The total parameter count is the same as one large attention head — multiple heads don't add parameters, they redistribute them into parallel subspaces.

Code

Python

import torch
import torch.nn as nn
import torch.nn.functional as F
import math

class MultiHeadAttention(nn.Module):
    def __init__(self, d_model: int, num_heads: int):
        super().__init__()
        assert d_model % num_heads == 0
        self.num_heads = num_heads
        self.d_k = d_model // num_heads

        # One linear layer for all heads combined (more efficient than separate)
        self.W_q = nn.Linear(d_model, d_model)
        self.W_k = nn.Linear(d_model, d_model)
        self.W_v = nn.Linear(d_model, d_model)
        self.W_o = nn.Linear(d_model, d_model)

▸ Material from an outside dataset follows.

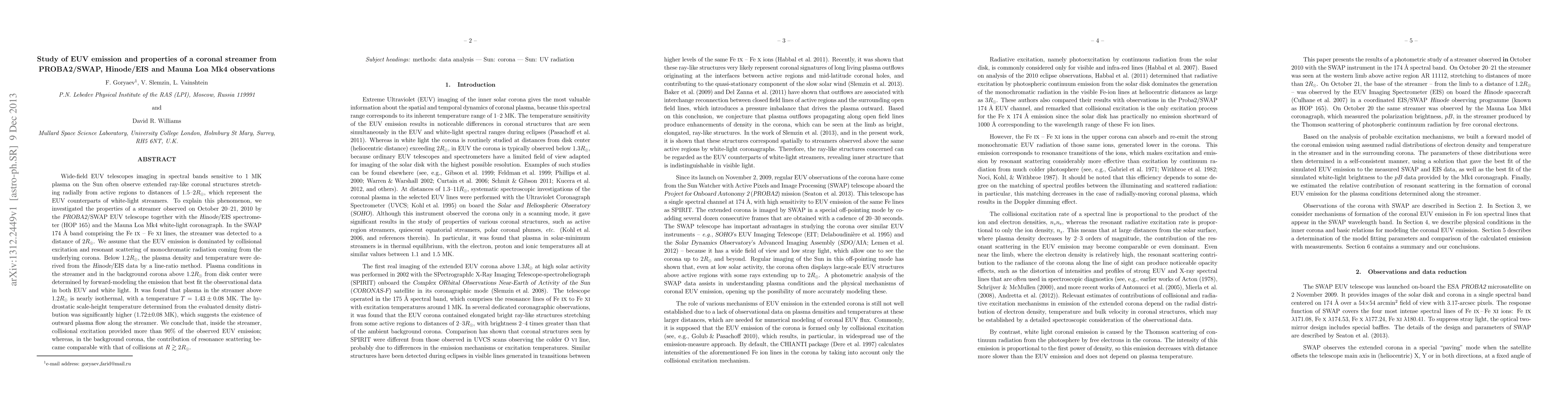 This study investigates the properties of a coronal streamer observed in EUV by PROBA2/SWAP and in white light by Mauna Loa Mk4, using Hinode/EIS data. The streamer's plasma above 1.2Rsun is nearly isothermal at 1.43±0.08 MK, with a higher hydrostatic temperature suggesting outward plasma flow, and collisional excitation dominates the EUV emission.

    def split_heads(self, x: torch.Tensor) -> torch.Tensor:
        # x: (batch, seq_len, d_model)
        batch, seq_len, d_model = x.shape
        x = x.view(batch, seq_len, self.num_heads, self.d_k)
        return x.transpose(1, 2)
        # output: (batch, num_heads, seq_len, d_k)

    def forward(
        self,
        Q: torch.Tensor,
        K: torch.Tensor,
        V: torch.Tensor,
        mask: torch.Tensor = None
    ) -> torch.Tensor:
        batch = Q.size(0)

        # Project and split into heads
        Q = self.split_heads(self.W_q(Q))  # (batch, heads, seq, d_k)
        K = self.split_heads(self.W_k(K))
        V = self.split_heads(self.W_v(V))

        # Scaled dot-product attention (all heads in parallel via batched matmul)
        scores = torch.matmul(Q, K.transpose(-2, -1)) / math.sqrt(self.d_k)
        if mask is not None:
            scores = scores.masked_fill(mask == 0, float('-inf'))
        attn = F.softmax(scores, dim=-1)
        out = torch.matmul(attn, V)  # (batch, heads, seq, d_k)

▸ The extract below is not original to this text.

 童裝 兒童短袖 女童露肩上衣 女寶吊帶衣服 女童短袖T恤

        # Concatenate heads
        out = out.transpose(1, 2).contiguous()
        out = out.view(batch, -1, self.num_heads * self.d_k)  # (batch, seq, d_model)

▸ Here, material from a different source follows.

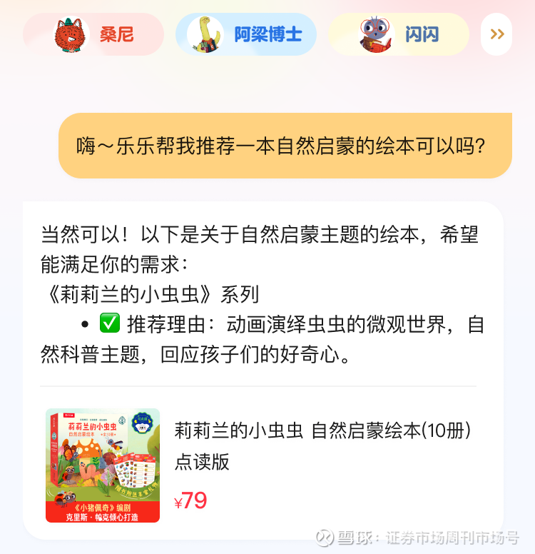 依托荣信文化多年积累的优质内容资源,智趣科技将AI技术与经典内容IP深度融合。本次以公司“乐乐趣”品牌形象“乐乐”为原型,上线的“AI乐乐”智能体能够为孩子们讲解公司旗下众多的科普知识、奇妙故事,并针对孩子们的问题提供解决建议以及智能阅读推荐服务。同时,更是重磅推出“桑尼”、“阿梁博士”、“闪闪”、“侃侃”等5款具备IP属性的AI助读智能体。其中,“闪闪”是针对公司爆款IP“莉莉兰的小虫虫”(系列图书累计销量超300万册)量身打造的智能体,能够精准还原小主人公智多星“闪闪”的角色特质,并通过情感化交互、科普化延伸两大核心功能,打破传统童书的静态阅读边界。

        return self.W_o(out)

What Different Heads Learn

Empirical findings from attention analysis (Voita et al., Clark et al.):

Syntactic heads: attend to grammatical relations (subject-verb, noun-adjective)
Positional heads: attend to fixed offsets (next token, previous token)
Rare token heads: disproportionately attend to rare or out-of-vocabulary tokens
Coreference heads: track pronoun references across long distances

Not all heads are equally important. Studies find that pruning many heads has minimal impact — different heads specialize, with some contributing much more than others.

Interview Answer

"Multi-head attention runs h parallel attention operations in separate subspaces (each dₖ = d_model/h dimensional), then concatenates and projects the results. This allows the model to simultaneously attend to different aspects of the input — one head might focus on syntactic relationships, another on semantic similarity, another on positional patterns. The total parameter count is equivalent to one large attention layer, but the parallel heads create representational diversity that a single head cannot achieve."